(September 9, 2008 - Insidermedicine) Welcome to Insidermedicine's If I Had, where we get a chance to ask an expert what they would do if they had a medical condition.
At the recent American Thoracic Society conference in Toronto, we caught up with Dr. Marvin Schwarz, MD, who is the James C. Campbell Professor of Pulmonary Medicine, in the Division of Pulmonary Sciences & Critical Care Medicine at the University of Colorado Health Sciences Center.
If I had shortness of breath…
If I had unexplained shortness of breath, I would not ignore that symptom. If I smoked cigarettes I would stop smoking those cigarettes. I would go to my physician, my primary care physician and say; “I’m having recent shortness of breath, its coming on I feel it. There is a distinct change. What’s causing it?” It maybe something as simple as emphysema if you smoke. Stopping smoking and getting various therapies for the emphysema will keep you alive for a long time. If it is interstitial lung disease, when it turns out that when we get the testing, and the results point toward that diagnosis, you should make a request to see a pulmonary physician. Who could further characterize this disease for you in terms of causation, the staging of the disease, how far along it is, potential therapies, referral to trials, etc.
What are the symptoms of an interstitial lung disease?
The symptoms of an interstitial lung disease are primarily shortness of breath and sometimes cough. Sometimes only shortness of breath. You may recognize this as exercise intolerance, you just might notice that in your daily living activities you have to stop and rest. You just feel that like bit of discomfort, feeling a little bit of air hunger, and when you rest and it goes away. Those are the primary symptoms of shortness of breath.

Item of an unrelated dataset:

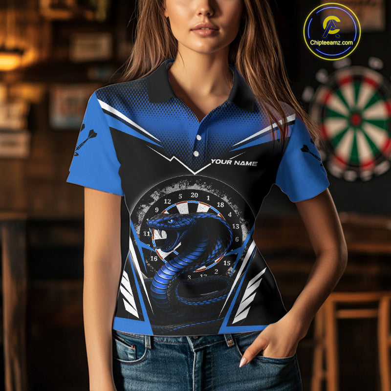 Azure Cobra & Dartboard Women's Darts Polo Shirt - Custom Name For Darts Jersey NYN0753

How should my doctor assess the problem?
The most common cause of shortness o breath is probably cardiac disease. He will probably evaluate that, he might do an echocardiogram, he might do an EKG. If he suspects lung disease he’ll start with a chest x-ray. He’ll do pulmonary function testing and then likely he will do a CT scan of the chest. The evaluation, assuming that the cardiac studies are negative, and that the chest x-ray is negative, and you are still short of breath, I think that as a patient you should insist on getting a high resolution computed tomographic scan of the chest. A number of lung conditions can cause shortness of breath. The three most common are asthma, what we call COPD or emphysema, and interstitial lung disease. Interstitial lung disease is a general term for a number of diseases which can cause scarring in the lung. Most often these diseases are progressive. The diagnosis of them would be best to do early.
What are the risk factors for the developing an interstitial lung disease?
If you have what is known as collagen vascular disease, such as lupus, rheumatoid arthritis, scleroderma, polymyositis, mixed connective tissue disease, if you have any of these diagnoses your incidence of interstitial lung disease increases markedly. Other things that can result in interstitial lung disease are drug reactions . There are a number of drugs which can cause interstitial lung disease. If you have been put on a new medication and several months later, sometimes even days later, you can become short of breath. These are very reversible by simple treatment and discontinuation of that particular drug. There are other causes, occupational exposures for instance. If you have worked with asbestos during your life, and there are a number of others but I cant go through the whole list. So you have to think about your occupational exposure. There are environmental exposures, which can cause it. There is a disease entity known as hypersensitivity pneumonitis, and this is a reaction to something in your environment, usually some bacteria, or some fungus, that you get sensitized to. Smoking cigarettes for example can cause interstitial lung diseases. We think mainly that it causes obstructive lung diseases, or COPD/emphysema type of illness. But there are three or four interstitial diseases that can result from smoking cigarettes.
What treatment options are available?
This is problematic in terms of treatment. It really depends upon which particular interstitial lung disease that you have. For example if it is drug induced you take away the drug, you can give a medication known as cortical steroids that help clear it up. It you have a collagen vascular disease, often time the standard treatment for a collagen vascular disease will also help improve the interstitial lung disease associated with it, sometimes not however. If you have this environmental exposure issue, hypersensitivity pneumonitis, and just taking away that particular stimulus for the reaction of hypersensitivity pneumonitis may be the only treatment required. Our biggest problem is when you already have scarring in the lung. The thing called fibrosis. This is where we have the largest problem, and so far depending again on the disease that’s causing this fibrosis, the treatment is not so good. We are now engaged in many treatment trials for these diseases. I would recommend if you are a patient with one of these fibrotic disorders that has no known cause, what’s called the idiopathic variety. You should strongly consider a treatment trial with some of these newer agents. Because the agents we have now are not that helpful. The other issue is if your disease advances in spite of whatever treatment is prescribed to you and you are not much over the age of 65, lung transplantation is another option.